JJBs was one of the only shops in Belfast that didn’t have foreigners working as security guards. Lithuanians. Poles. You didn’t fuck with them.

‘Hard to make a living these days,’ Marty had said after his first and last encounter with the latest addition to the Northern Irish workforce.

Before they showed up, it was a piece of piss. The security men were all locals. Guys that didn’t give a shit. They stood round all day, chatting up sixteen-year-old shop assistants. They’d chase you round the corner and give up.
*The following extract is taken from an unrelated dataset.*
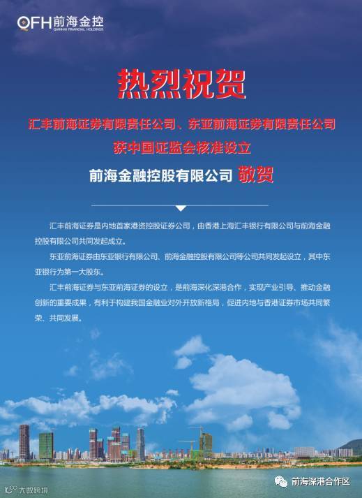 比如:汇丰前海证券有限责任公司和东亚前海证券有限责任公司在今年6月30日同时获中国证监会核准设立,即将在前海开业!

The Polish guys, the Lithuanians, they were different. Chase you for miles. Like it was personal. Like it was their shop or something.

‘It’s fucked up,’ Marty said, after his one experience with a Lithuanian security guard. He’d run full pelt the whole way down Donegal Place, past the Belfast Telegraph, all the way down York Street.

‘I was near in Carrickfergus before he stopped. I mean, what the fuck does he care?’

‘No flies on those Poles,’ Petesy joked.

In the entry off High Street, Marty stroked the sleeve of his new top. He leaned off the wall, not wanting to get it dirty. Petesy laughed.

‘I thought I was fucked when your man had me. Next thing, I turn round and he’s got the fucking Tasmanian Devil on his back.’

Marty held up his fists, kissing the right then the left.